Through the Diagnostics Accelerator (DxA), the Alzheimer’s Drug Discovery Foundation (ADDF) has partnered with leading pharmaceutical companies to create one of the largest biobank-sharing programs for specimens from Alzheimer’s patients who participated in earlier clinical trials. Well-characterized samples of serum, plasma, whole blood, and CSF from clinical trials that included patients at different stages of Alzheimer’s disease will be available to select researchers developing and validating biomarkers for the diagnosis of Alzheimer’s disease.
Access to samples will be facilitated through this RFP. To meet the criteria for access to samples, proposals should be in the proof-of-principle or validation stages of development. Submissions must employ an established analytical methodology and include a clear biological rationale for the biomarker and statistical justification for the requested sample numbers.
Proof-of-principle studies should be supported by prior human data justifying that the candidate markers might function as biomarkers that could be used to support clinical trials for Alzheimer’s disease or related dementias.
Validation awards will support the further development of previously identified biomarkers for use in Alzheimer’s disease research.
Proposals must include specific aims and must employ an established analytical methodology, including a clear biological rationale for the biomarker and a plan for how the samples will be used, power analysis, and any statistical details.

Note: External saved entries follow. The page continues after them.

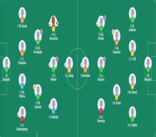 【出场阵容】 切尔西首发:1-桑切斯、34-乔什·阿昌庞(46'24-詹姆斯)、23-查洛巴、27-古斯托、29-福法纳、25-凯塞多、8-恩佐、41-埃斯特旺(92'11-吉滕斯)、10-帕尔默(63'20-若昂·佩德罗)、49-加纳乔(46'7-内托)、9-德拉普(87'17-桑托斯) 替补未出场:12-约恩森、5-巴迪亚西勒、4-阿达拉比奥尤、40-博纳诺特 伯恩茅斯首发:1-佩特洛维奇、3-特吕费尔、5-塞内西、20-A·希门尼斯、23-詹姆斯·希尔、8-斯科特、19-克鲁伊维特(92'15-亚当·史密斯)、7-布鲁克斯(78'17-阿明·阿德利)、9-埃瓦尼尔森(82'26-于纳尔)、16-塔韦尼耶、24-塞门约 替补未出场:40-丹尼斯、2-朱利安-阿劳霍、6-索莱尔、18-迪亚基特、22-克鲁皮、50-多廷 |
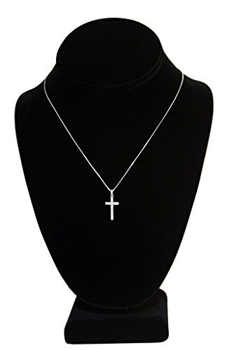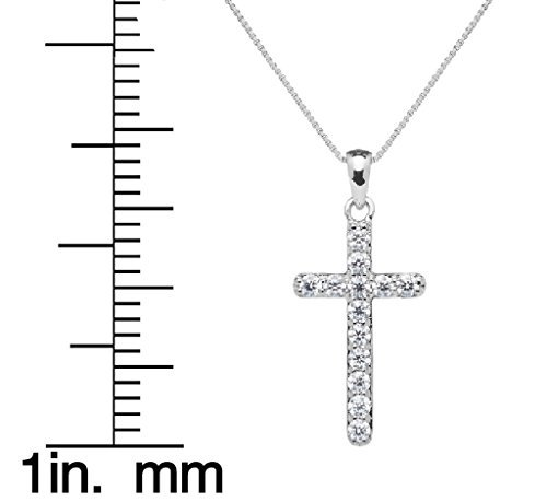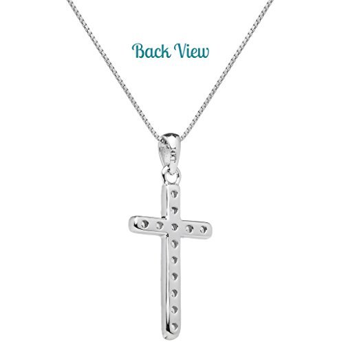 -. Title : 14K Solid White Gold Cross Pave Round Cut Cubic Zirconia Pendant Necklace, 16 Box Link Chain (.26 cttw), Gift Box
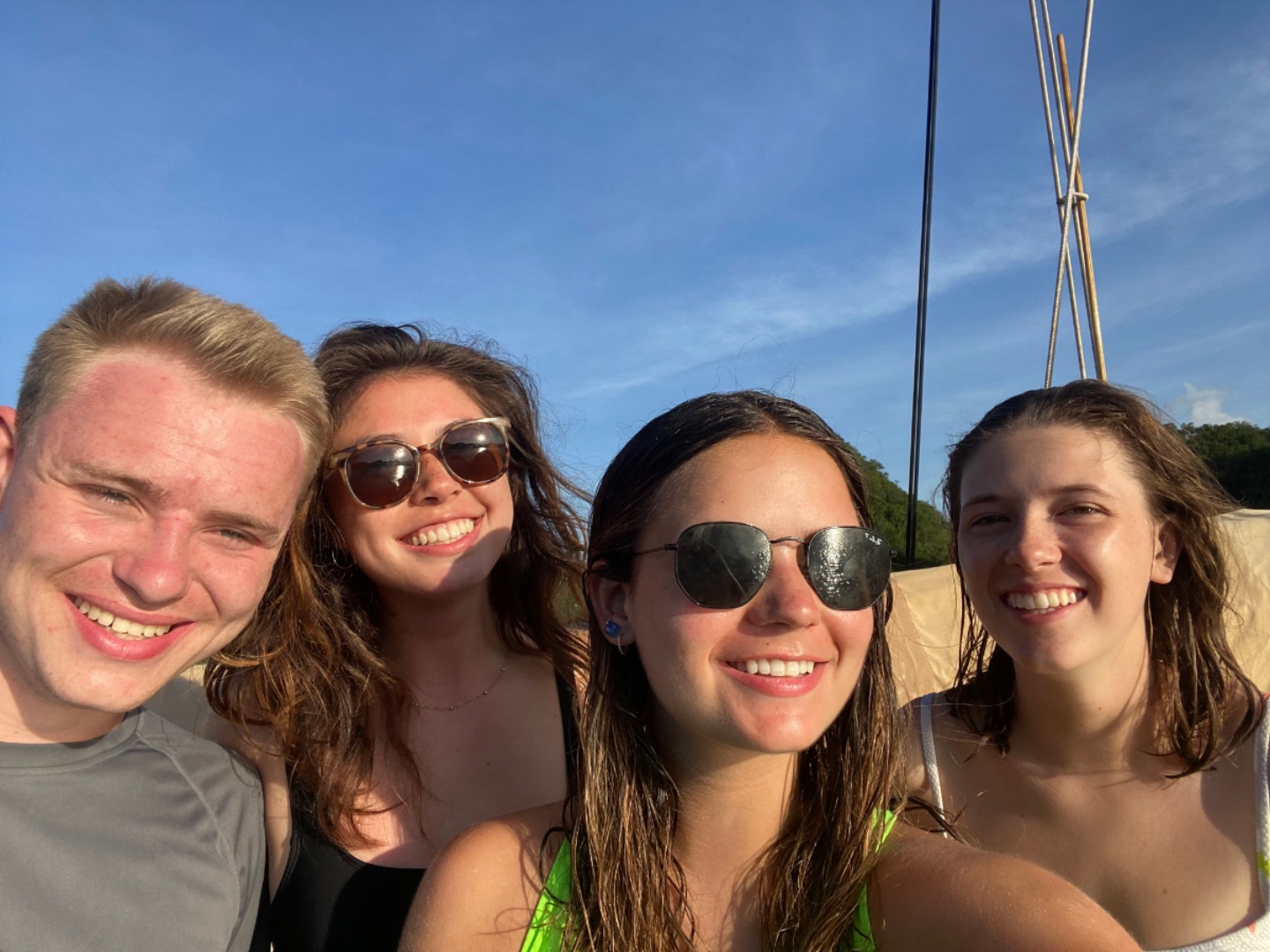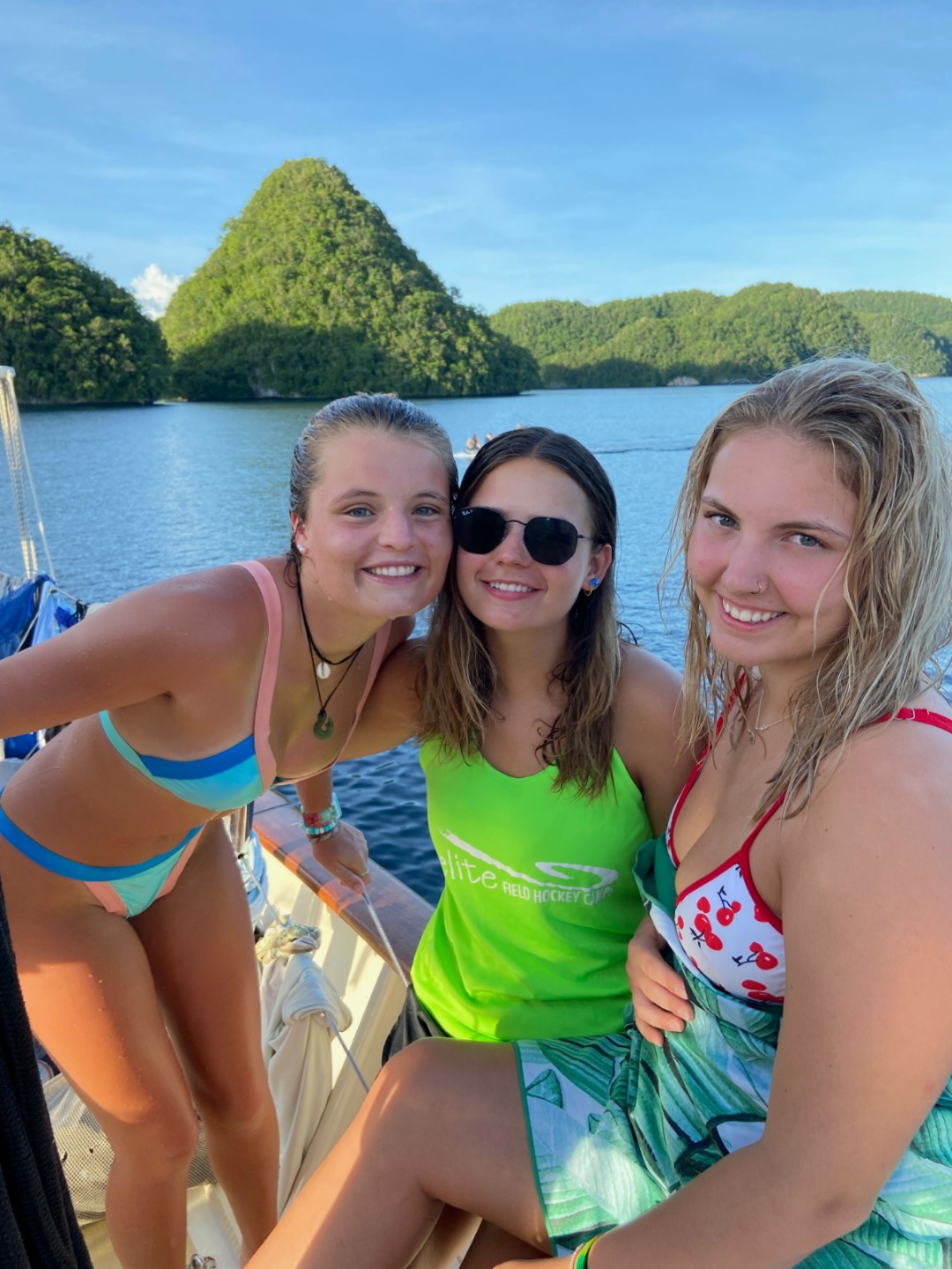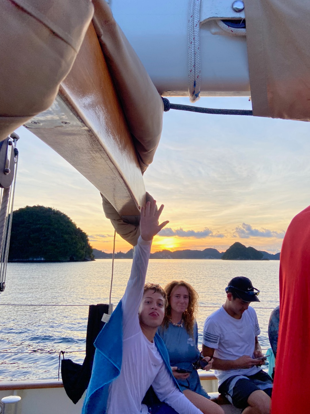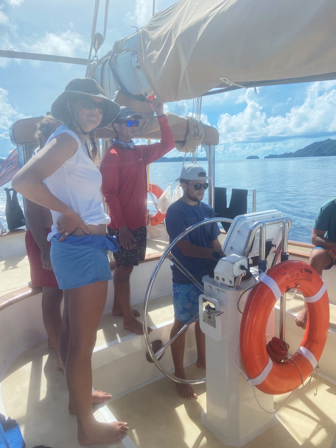 Greetings from your skipper for the day, Grace! My morning started by waking a majority of the crew up from their slumber in their hammocks. The deck was covered with them last night. Everyone woke up to a heavenly smell. We had a delicious breakfast of cinnamon rolls with yummy frosting. Next thing I knew, we were off to a new location which was very exciting. The breeze saved us on this extremely hot day, but not from the UV rays (hence sunburn city). Will played captain for the day and steered the boat, which was pretty cool (It’s a miracle he didn’t crash, though). Once we got to our destination, groups quickly started to hop in the dingy to go diving. The ride to our dive spot was incredible. The water looked fake–it was so blue and clear. Divers getting their advanced certifications right now went for a fish identification dive, and there were so many fish!! The dive was amazing; I was in awe of the underwater world. We even saw sharks, actual real-life sharks! How much cooler can you get? We also drew the different fish we saw on slates underwater.

Applicants should address how proposed studies would move the biomarker towards the clinic including strategies for regulatory approval and scale-up together with commercialization where appropriate. Proposals should consider compatibility with existing sampling infrastructure, scalability, and intellectual property position. Where available, target biomarkers in peripheral fluids should be compared to quantitative measurements using PET and/or CSF, and outcomes beyond cognition alone.
The ADDF will work to connect highly reviewed proposals with the relevant organization, but the final decision on granting access will rest with each organization.
For interested investigators, please refer to the Diagnostics Accelerator Biobank Sharing RFP.
Proposals requesting funds and samples should apply through the Diagnostics Accelerator Peripheral Biomarker Program and see here for instructions on how to submit a proposal.
“Our collaboration with these companies— Eisai, Janssen, Roche and Shionogi—helps bridge a significant gap, giving researchers access to thousands of high-quality biological samples that would otherwise take them a great deal of time and money to secure”
Gold Standard Samples
Some of the sample collections come from completed phase 2 and 3 trials, and prospective cohort studies. All were “gold standard” randomized, double-blind, and placebo-controlled trials that had precise criteria about how samples were collected, and which patients were included. Every specimen was collected under rigorous clinical trial conditions and is well characterized. Researchers will have crucial details about each sample, such as the patient’s age, ethnicity, sex, and cognitive test scores, as well as if the patient was submitted to a tested compound or placebo, under Data Sharing Agreements. The trials included through the new program are:
- EARLY (sponsored by Janssen and Shionogi)
- ABBY, BLAZE and CREAD 1 & 2 (sponsored by Roche)
- MissionAD1 and MissionAD2 (sponsored by Eisai)
In addition to samples from clinical trials, valuable case-control samples are available to qualified applicants:
- BioFINDER Pilot AD Cohort – Prospective cohort of approx. 50 controls and 50 patients with prodromal AD/AD dementia; subject to a non-negotiable MTA with Biobank Sverige.
More detailed information on these samples can be provided upon request, but applicants are required to first define the specific sample requirements and justification for the proposed study.